Partnership produces promising research

The first medical research collaboration between UCF and Sanford-Burnham Medical Research Institute at Lake Nona (Sanford-Burnham) has given way to promising research that could benefit cancer patients.

Two independent teams of cancer researchers, chemists and bioinformatics engineers have published discoveries that may lead to new methods of diagnosis and treatment of many types of cancer.

"Collaboration is a huge part to be considered because without it, no one would have been able to achieve such research and discoveries that are now being talked about," said Shaojie Zhang, Ph.D., an assistant professor of engineering and computer science at UCF with an expertise in bioinformatics.

The first noteworthy breakthrough is a result of the partnership between UCF chemistry professor Dr. Kevin Belfield and Sandford-Burnham associate professor and cancer researcher Dr. Masanobu Komatsu.

"This partnership has helped tremendously because we at the lab at UCF perceive things through a chemical approach, but Dr. Komatsu and his team concentrate on cell biology, both which are important to our findings," Belfield said. "It was definitely critical for physical science researchers and biomedical researchers to collaborate to achieve what we have."

With a collaboration between his team of graduate and postdoctoral students, and Komatsu and his team of postdoctoral students, Belfield has been able to focus his research on a non-invasive way to first detect then inspect a cancerous tumor, in real time, to see how it is being affected by treatment, mainly focusing on breast, melanoma, cervical and ovarian cancers.

Belfield's technique first requires an injection of molecular probes into the bloodstream of an animal.
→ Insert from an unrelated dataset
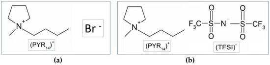 1H NMR measurements (Figure S3 in Supplementary Materials), performed on PYR14TFSI, clearly indicate that the (PYR14)+ cation was correctly synthesized. The features observed at 2.5 and 3.0 ppm are ascribable, respectively, to deuterated dimethylsulfuroxide, DMSO, (used as the solvent) and moisture absorbed from external during the NMR measurements (performed in uncontrolled environment).
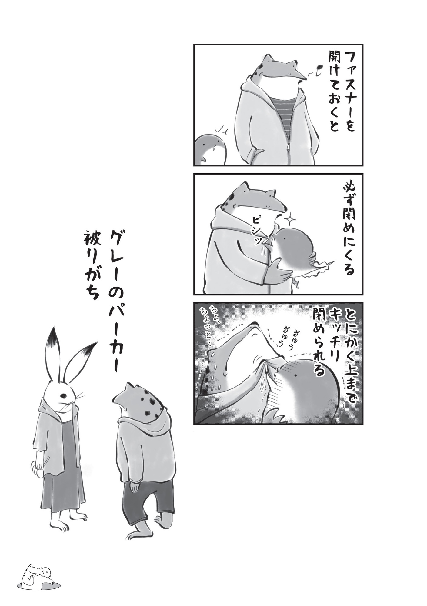ファッションも多様性!? 紐は引っ張られジッパーは上げ下げされ… ポケットはゴミ箱に変身…【カエル母さん #13】

The probes then bind to folate receptors, which are present in certain kinds of tumors, particularly cervical and ovarian cancer. The probes carry florescent dyes that hone only onto specific biomarkers in cancer cells. The dye-spotted tumor can then be detected by a microscope using near infrared light, which then produces a high-resolution 3D image of the tumor.

Belfield would like to translate this method for clinical use, but variations of this method may not be available for at least another five years. It depends on how it is adapted to different kinds of cancer, but the next step is to direct therapy, using this same method, to target a tumor of a cancer patient.
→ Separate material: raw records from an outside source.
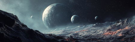 science fiction wallpaper, cosmic landscape, realistic exoplanet, beautiful alien planet in far space, detailed planet surface 3d render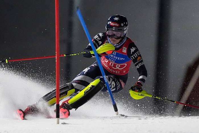 Home Sports Mikaela Shiffrin memimpin putaran pertama slalom malam saat para pesaingnya goyah di...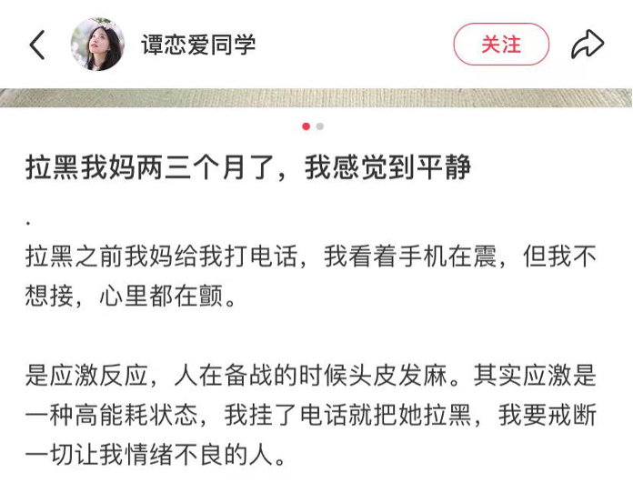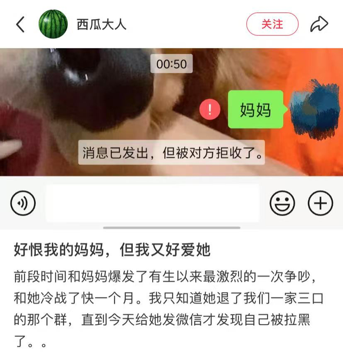 一位网友因为吵架被母亲拉黑,就在快要说服自己“断就断”的情况下,她对妈妈的爱又一次冒出来,这种爱恨交织让她十分痛苦。

While probes only carry dyes now, they are also being designed to carry therapeutic drugs that are less harmful than treatments like chemotherapy.

"Most of the chemotherapy that is out there is non-specific," Belfield said. "When it is injected or digested, it typically disperses throughout the body, damaging healthy cells. This method wouldn't damage any healthy cells, only targeting the cancerous tumor, greatly minimizing the side effects caused by other treatments."

However, right now, Belfield is more focused on detecting cancer than treating it.

"The current work is not directed at cancer therapy and treatment, but more on the imaging detection side," Belfield said. "Most cancers can be treated if detected early, which is key. Once detected early, in a non-invasive way, the cancer can be surgically removed and our method can make sure the tumor is removed and with treatment, it can, in real time, show how the cancer cells are reacting to the treatment."

Junior micro and molecular biology major Nick Fusco is amazed at the research that Belfield and his team have collected.

"The use of chemical probes is such an innovative idea, and I can't wait to see how it will impact the medical field in the future," Fusco said.

The motivation behind Belfield's discovery is the fact that cancer is the second-leading cause of death in the United States, right behind heart disease. Most cancers are detected in phase three or four, the late stages of cancer. With this prognosis, the survival rate is low; only a small percentage of people have survived past five years. But nearly all cancer, if detected early, can be readily treated and cured. The survival rate of cancer that is detected early is very high.

"To me, it's nice to see that my research efforts can possibly directly impact a large part of society and contribute to a better life and also to the understanding of the science of cancer and what is behind it," Belfield said.